During a one-year study period, 363 patients were hospitalized; the overall mortality rate was 29%. A total of 79 DANIs were identified, the most common site of infection was ETT (39.2%), followed by urinary catheters (19%), NGTs (18%), tracheostomy tubes (11%), CVCs (10%), and chest tubes (3%). The most frequently isolated organisms were Klebsiella pneumonia, Acinetobacter baumannii, and Pseudomonas aeruginosa (30%, 20%, and 14%, respectively). Extremely high resistance rates were observed among GNB to ampicillin (99%), cefuroxime (95%), amoxicillin-clavulante (92%), and nitrofurantoin (91%). Lower levels of resistance were exhibited to amikacin (38%), imipenem (38%), and colistin (29%). About 39% of the isolates were defined as multi-drug resistant (MDR). Overall, extended spectrum β-lactmase producers were expressed in 39% of isolates mainly among K. pneumonia (88%). A. baumannii isolates exhibited extremely high levels of resistance to all antibiotics except colistin (100% sensitive). In addition, 56.3% of A. baumannii isolates were found to be MDR. P. aeruginosa isolates showed 46%-55% effectiveness to anti-pseudomonas antibiotics. .
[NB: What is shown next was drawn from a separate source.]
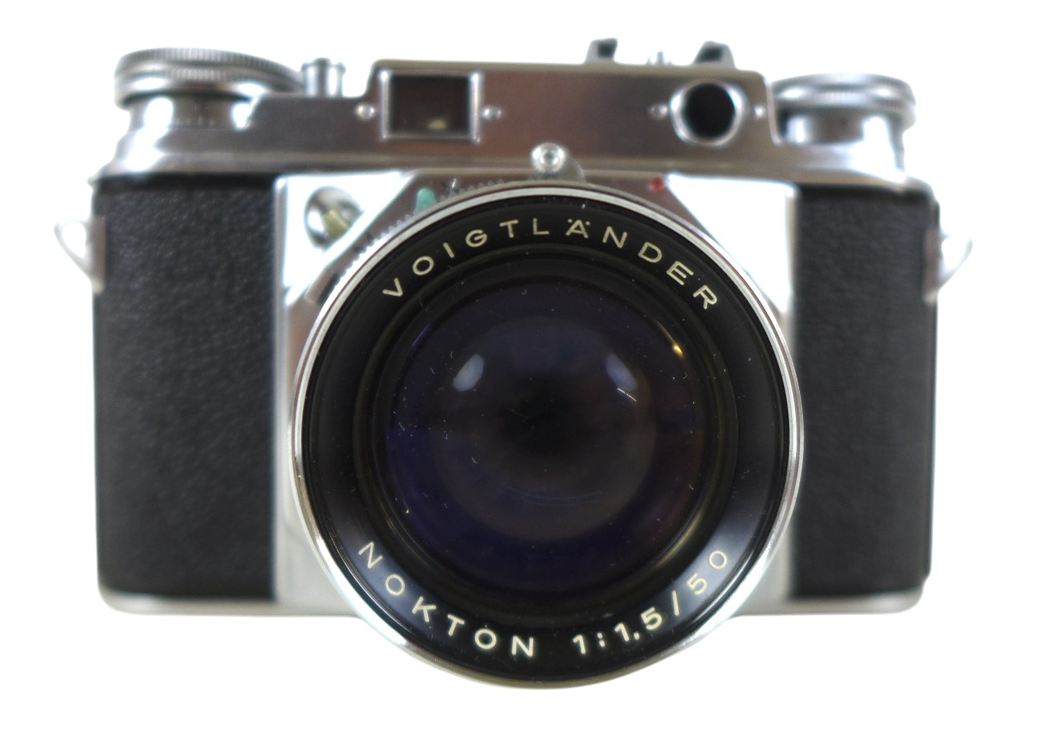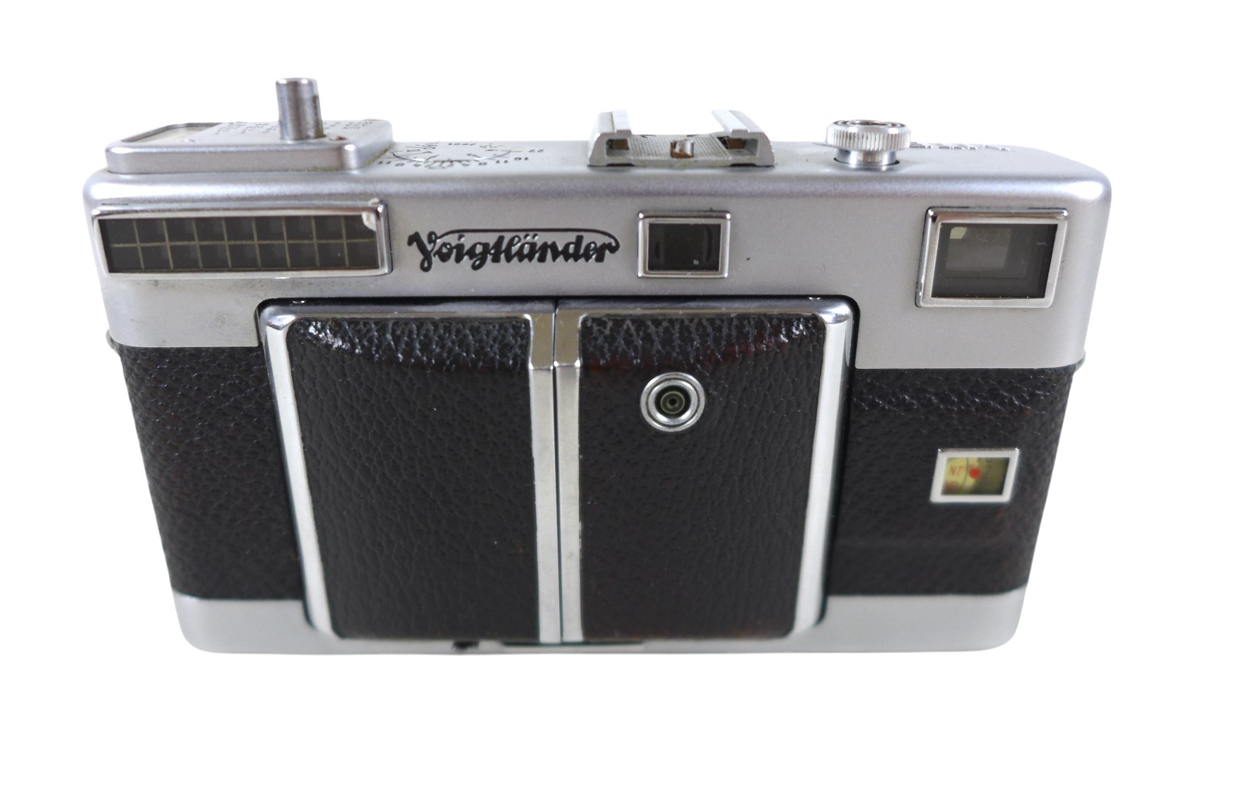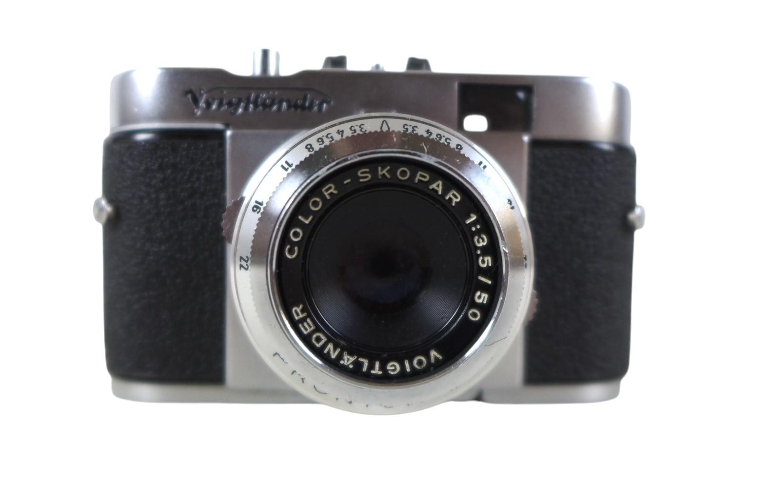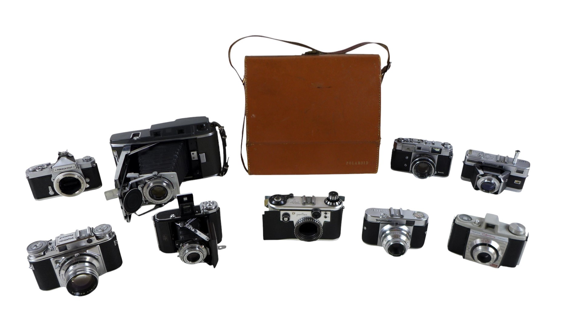 A collection of nine vintage cameras comprising a Polaroid land camera, Voigtlander Vito B and Prominent, Corfield perplex body, Beauty Super L, Voigtlander Vitessa, Nikkormat body, Colorsnap Bantam, and a Zeiss Ikon.(9)

High rates of DANI's and the emergence of MDR organisms poses a serious threat to patients. There is a need to strengthen infection control within the ICU environment, introduce surveillance systems, and implement evidence-based preventive strategies.
与设备相关的医院感染(DANIs)对患者的发病率和死亡率有重大影响。我们的研究旨在确定创伤外科重症监护病房(ICU)中DANIs的分布率、病原体及抗生素耐药模式。
我们的研究在利比亚的黎波里的阿布萨利姆创伤医院进行。所有与医院感染相关的设备,包括中心静脉导管(CVC)、气管内导管(ETT)、弗利氏导尿管、胸管、鼻胃管(NGT)和气管造口管,均无菌移除并检查革兰氏阴性菌(GNB)。
在为期一年的研究期间,363名患者住院;总死亡率为29%。共鉴定出79例DANIs,最常见的感染部位是ETT(39.2%),其次是导尿管(19%)、NGT(18%)、气管造口管(11%)、CVC(10%)和胸管(3%)。最常分离出的病原体是肺炎克雷伯菌、鲍曼不动杆菌和铜绿假单胞菌(分别为30%、20%和14%)。观察到GNB对氨苄西林(99%)、头孢呋辛(95%)、阿莫西林 - 克拉维酸(92%)和呋喃妥因(91%)的耐药率极高。对阿米卡星(38%)、亚胺培南(38%)和黏菌素(29%)的耐药水平较低。约39%的分离株被定义为多重耐药(MDR)。总体而言,39%的分离株中表达了超广谱β - 内酰胺酶产生菌,主要在肺炎克雷伯菌中(88%)。鲍曼不动杆菌分离株对除黏菌素外的所有抗生素均表现出极高的耐药水平(100%敏感)。此外,56.3%的鲍曼不动杆菌分离株被发现为MDR。铜绿假单胞菌分离株对抗假单胞菌抗生素的有效性为46% - 55%。
DANI的高发生率和MDR病原体的出现对患者构成严重威胁。有必要加强ICU环境中的感染控制,引入监测系统,并实施循证预防策略。